With pictures left out, set down every record word for word.

+++

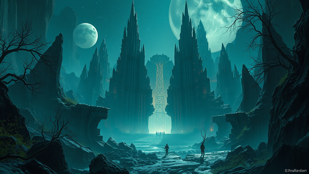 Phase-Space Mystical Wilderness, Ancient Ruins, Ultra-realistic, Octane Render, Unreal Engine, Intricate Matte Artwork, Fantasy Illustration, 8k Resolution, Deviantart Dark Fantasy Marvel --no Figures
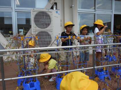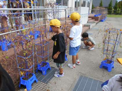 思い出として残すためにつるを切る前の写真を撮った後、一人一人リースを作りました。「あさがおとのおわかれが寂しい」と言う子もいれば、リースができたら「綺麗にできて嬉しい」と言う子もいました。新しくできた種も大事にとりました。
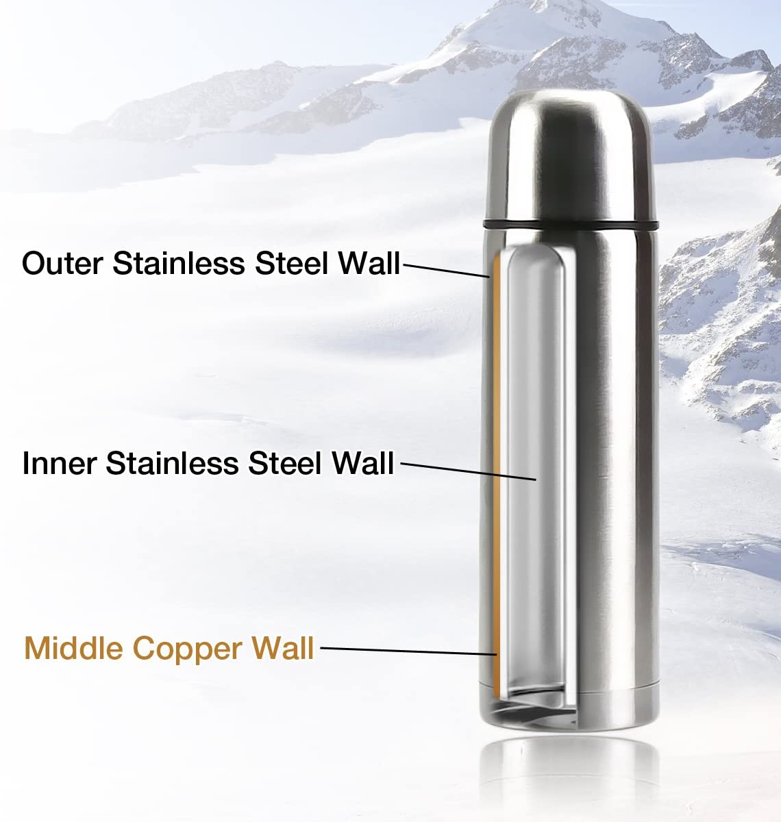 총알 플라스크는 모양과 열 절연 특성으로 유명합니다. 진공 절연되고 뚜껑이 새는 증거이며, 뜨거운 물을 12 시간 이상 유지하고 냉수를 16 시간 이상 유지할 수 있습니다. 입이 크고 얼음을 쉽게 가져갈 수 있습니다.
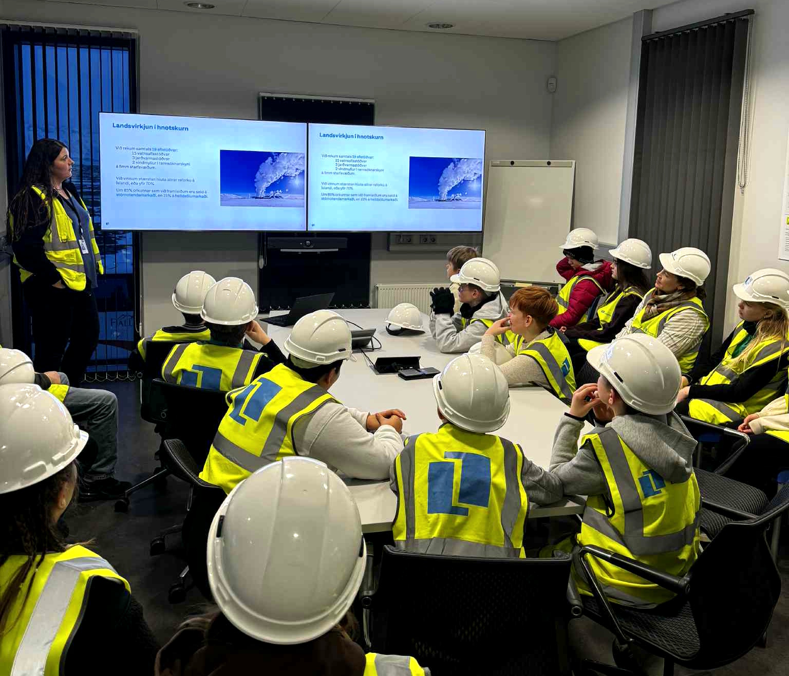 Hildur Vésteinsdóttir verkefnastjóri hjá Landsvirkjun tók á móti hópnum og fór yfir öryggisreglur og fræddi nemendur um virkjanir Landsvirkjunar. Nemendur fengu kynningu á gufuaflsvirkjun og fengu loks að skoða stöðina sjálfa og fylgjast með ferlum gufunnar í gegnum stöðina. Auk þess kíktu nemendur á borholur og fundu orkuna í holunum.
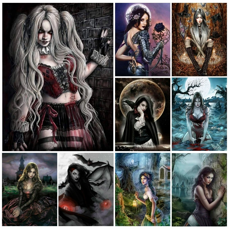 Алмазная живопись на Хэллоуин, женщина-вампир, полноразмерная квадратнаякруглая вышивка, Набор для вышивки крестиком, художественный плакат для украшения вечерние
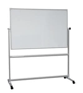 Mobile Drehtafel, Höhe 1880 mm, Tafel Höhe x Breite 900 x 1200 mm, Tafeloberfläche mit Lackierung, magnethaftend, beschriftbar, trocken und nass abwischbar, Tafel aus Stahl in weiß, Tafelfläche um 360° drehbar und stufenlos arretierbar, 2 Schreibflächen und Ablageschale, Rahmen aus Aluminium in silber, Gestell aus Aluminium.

+++

» **EXERCISE RESPONSE**
 Phase-Space Mystical Wilderness, Ancient Ruins, Ultra-realistic, Octane Render, Unreal Engine, Intricate Matte Artwork, Fantasy Illustration, 8k Resolution, Deviantart Dark Fantasy Marvel --no Figures
 思い出として残すためにつるを切る前の写真を撮った後、一人一人リースを作りました。「あさがおとのおわかれが寂しい」と言う子もいれば、リースができたら「綺麗にできて嬉しい」と言う子もいました。新しくできた種も大事にとりました。
 총알 플라스크는 모양과 열 절연 특성으로 유명합니다. 진공 절연되고 뚜껑이 새는 증거이며, 뜨거운 물을 12 시간 이상 유지하고 냉수를 16 시간 이상 유지할 수 있습니다. 입이 크고 얼음을 쉽게 가져갈 수 있습니다.
 Hildur Vésteinsdóttir verkefnastjóri hjá Landsvirkjun tók á móti hópnum og fór yfir öryggisreglur og fræddi nemendur um virkjanir Landsvirkjunar. Nemendur fengu kynningu á gufuaflsvirkjun og fengu loks að skoða stöðina sjálfa og fylgjast með ferlum gufunnar í gegnum stöðina. Auk þess kíktu nemendur á borholur og fundu orkuna í holunum.
 Алмазная живопись на Хэллоуин, женщина-вампир, полноразмерная квадратнаякруглая вышивка, Набор для вышивки крестиком, художественный плакат для украшения вечерние
 Mobile Drehtafel, Höhe 1880 mm, Tafel Höhe x Breite 900 x 1200 mm, Tafeloberfläche mit Lackierung, magnethaftend, beschriftbar, trocken und nass abwischbar, Tafel aus Stahl in weiß, Tafelfläche um 360° drehbar und stufenlos arretierbar, 2 Schreibflächen und Ablageschale, Rahmen aus Aluminium in silber, Gestell aus Aluminium.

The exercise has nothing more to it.